What herbs and spices compliment poultry?

  • Try basil, bay leaf, chives, cinnamon, cloves, cumin, curry powder, dill marjoram, paprika, parsley, poultry seasoning, rosemary, saffron, sage, savory, tarragon, thyme, or turmeric.

What herbs and spices compliment lamb?

  • Try basil, cumin, curry powder, dill mint, oregano, rosemary, sage or savory.

What herbs and spices compliment pork?

  • Try allspice, bay leaf, caraway, cinnamon, cloves, fennel, ginger, marjoram, mustard, rosemary, sage or thyme.

What herbs and spices compliment seafood?

  • Try allspice, bay leaf, cayenne, chervil, chives, cumin, curry dill, fennel marjoram, mint, mustard, nutmeg, oregano, paprika, parsley, saffron, sage, savory, tarragon, thyme or turmeric.

What herbs and spices compliment winter squash?
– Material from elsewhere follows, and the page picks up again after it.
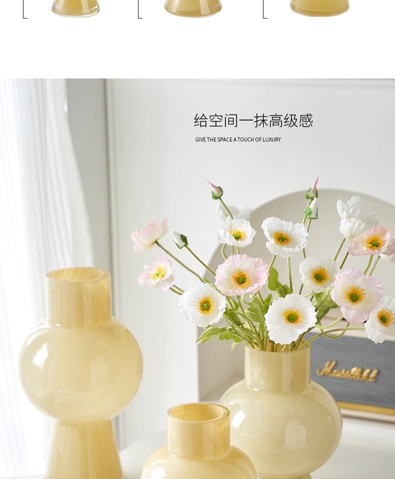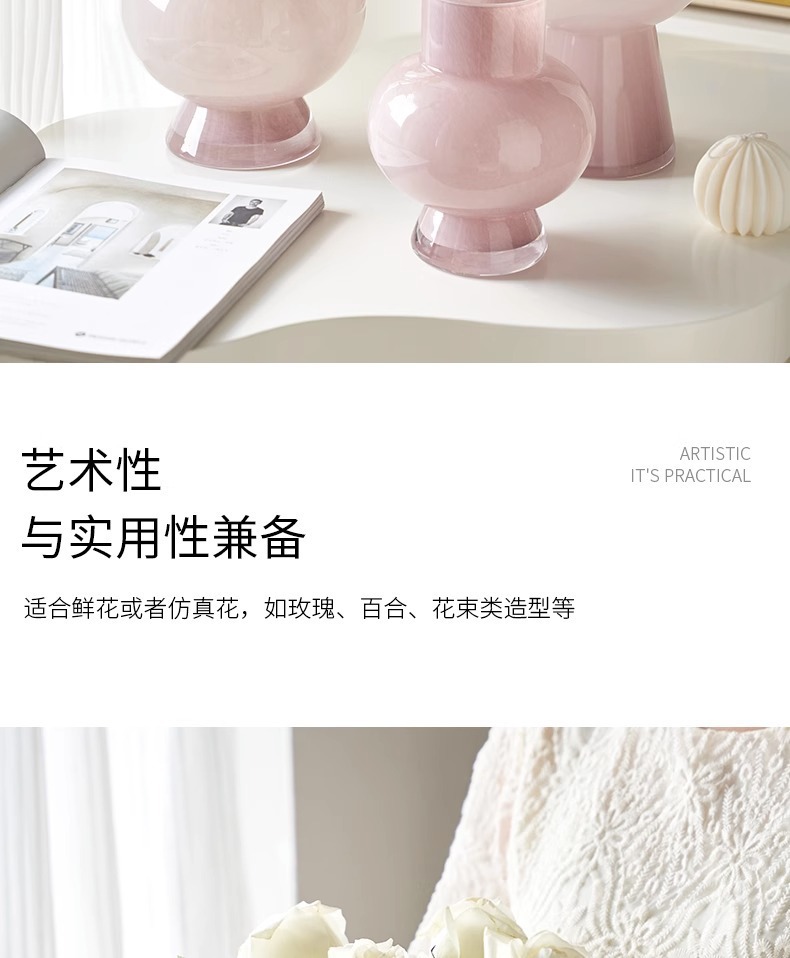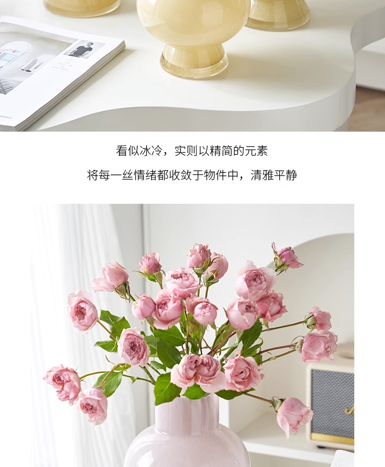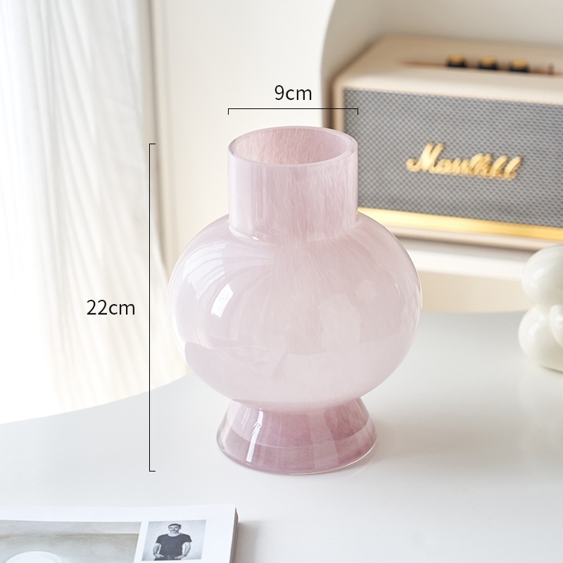 프랑스 중세 꽃병 고급 예술적 핑크 펜톤 유리 꽃꽂이 장식 거실 조명 고급 부드러운 장식
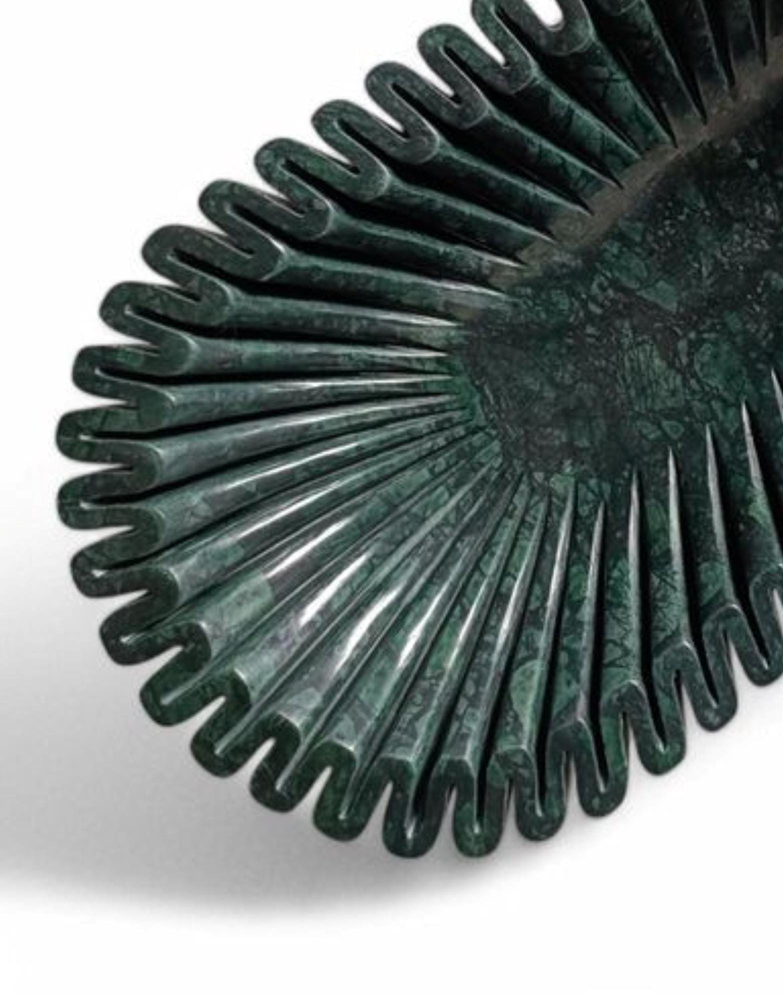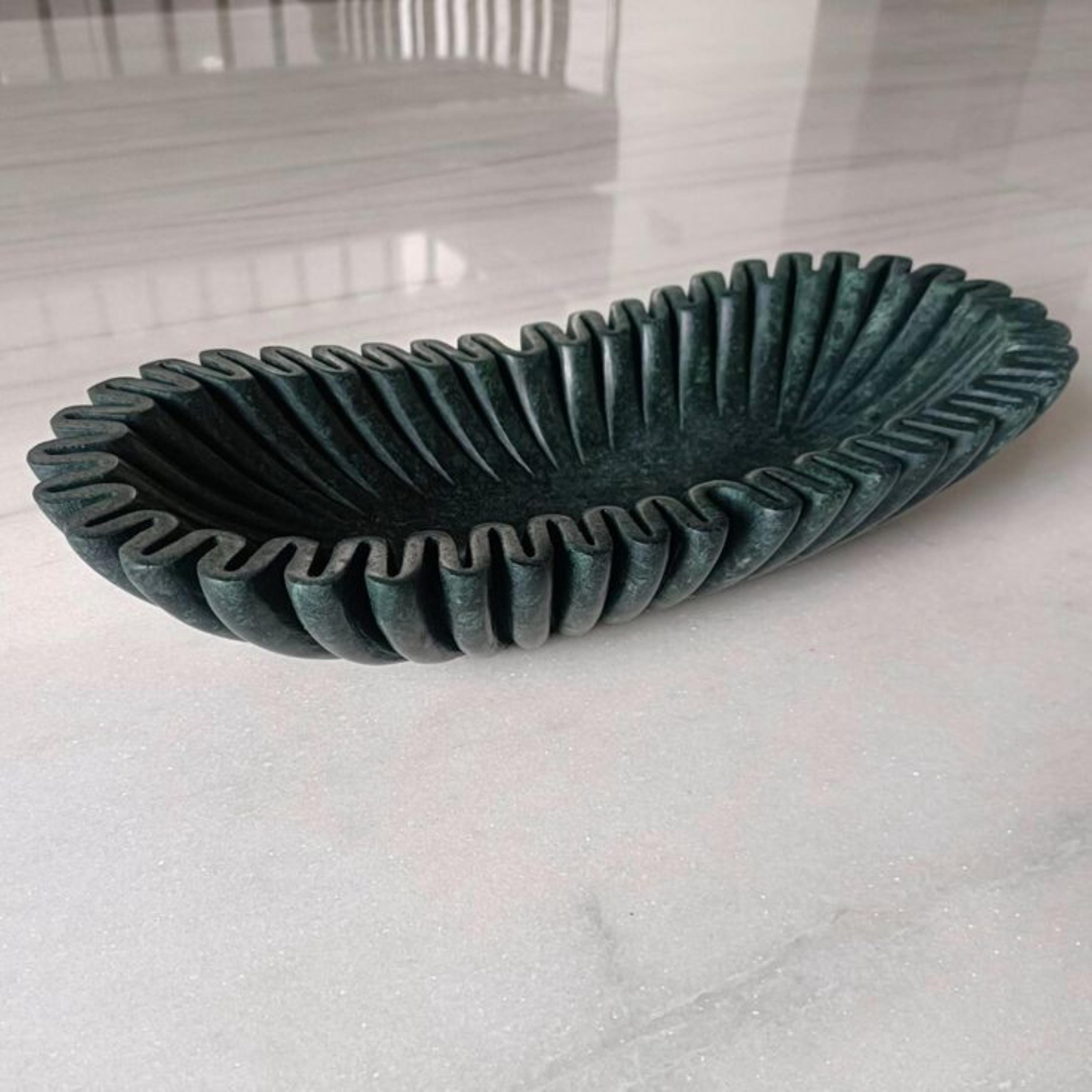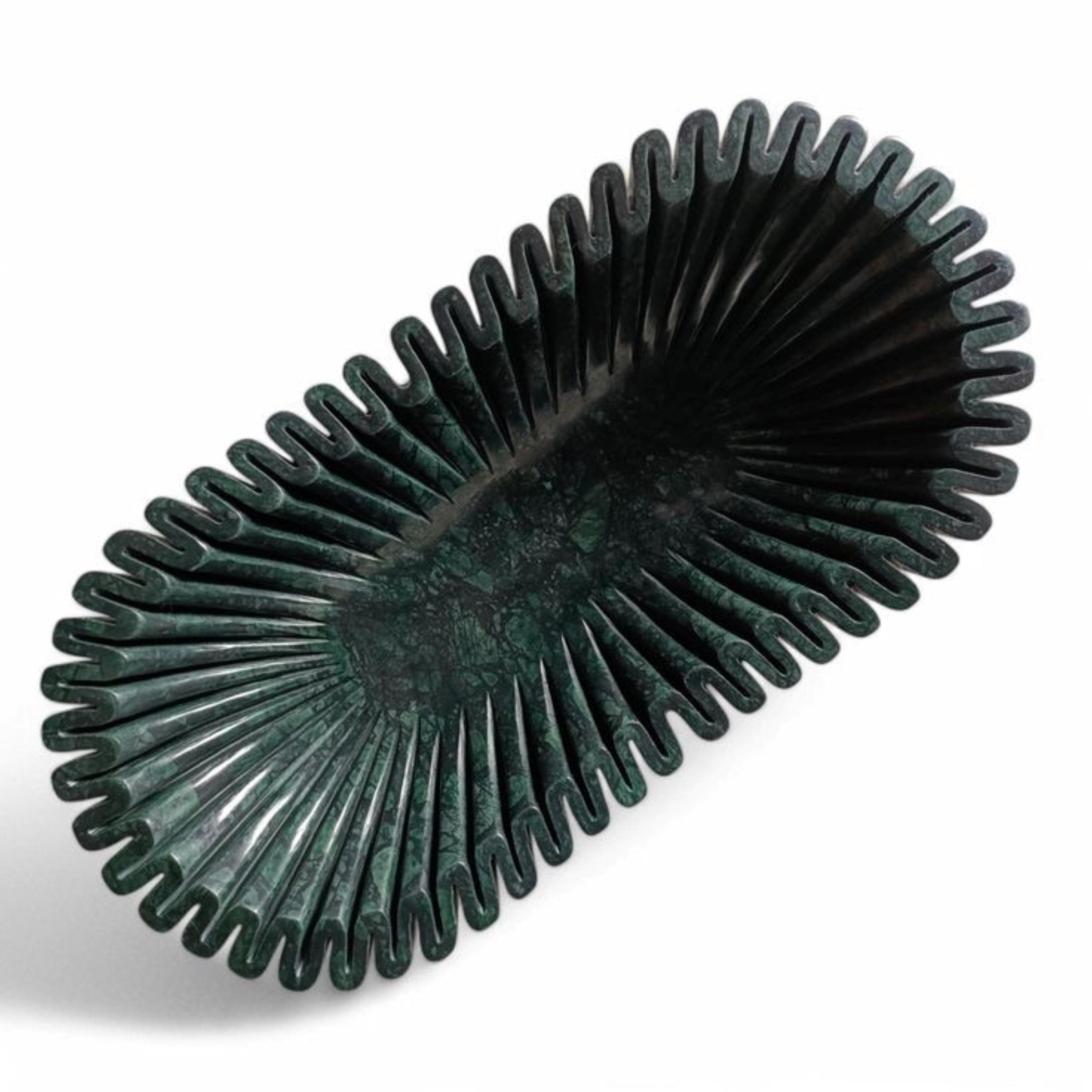 Crafted from solid dark green marble, the bowl showcases natural patterns and subtle color variations that make every piece truly one-of-a-kind. Its organic, flowing shape adds depth and character, making it perfect as a dining table centerpiece, coffee table accent, or entryway décor.

  • Try allspice, cinnamon, cloves, fennel, mace, ginger, or nutmeg.

All that cooking leave behind an unpleasant odor? Dispel those odors by adding a few drops of clove, cinnamon or any citrus essential oil to a simmering pan of purified water.

Top Ten Most Potent Herbs and Spices

According to the Journal of Medicinal Foods, the top ten most potent herbs and spices are as follows:

  1. Cloves. The oil and the extract are used commercially to flavor meat products, condiments, spiced fruits, candies, chewing gum, wines and liqueurs. The distilled leaf oil which is milder, is also used to flavor meats.
  2. Cinnamon. Commercially, cinnamon is used to flavor baked foods, meats, candy, pickles, chewing gum, soft drinks, ice cream and liqueurs. Cinnamon is an amazing spice with many health benefits.
  3. Jamaican allspice. A clove like aroma and a heavy sweetness. Used whole in poached fish stock, vegetable and fruit pickles, wild game. Used ground in cakes, puddings, cookies, gravy.
  4. Apple pie spice. Commonly a combination of ground cinnamon, ground nutmeg, ground allspice and ground ginger. Adds wonderful flavor to baked goods such as apple pie, strudel and baked apples.
  5. Oregano (ground). Used extensively in Greek and Italian cooking. Pairs well with tomatoes, eggplant, and any meat. Pairs well with pasta dishes.
  6. Pumpkin pie spice (mixture). A flavorful spice blend of cinnamon, nutmeg, ginger and allspice.
  7. Marjoram. Mainly used in stuffing
  8. Sage. Sage and onion stuffing for ducks, geese and pork enables the stomach to digest the rich food.
  9. Thyme. Add thyme to stocks, marinades, stuffing’s, sauces and soups. Thyme aids digestion of fatty foods. Add to chicken, fish, hot vegetables, fruit salads and jams.
  10. Gourmet Italian spice. A very unique blend of Thyme, Rosemary and sage. Brings a taste of Italy to your table.

The Mortar & Pestle

The grinding, crushing, and mashing action of this stone age food processor bursts the cell walls of fresh herbs and whole spices, releasing impressive amounts of fragrant flavor. To use, place foods in the mortar and push down with the pestle, using a twisting downward motion. With hard items like peppercorns and coffee beans, lightly pound first to form cracks. Choose a mortar and pestle made of a strong material such as granite that is not prone to chipping.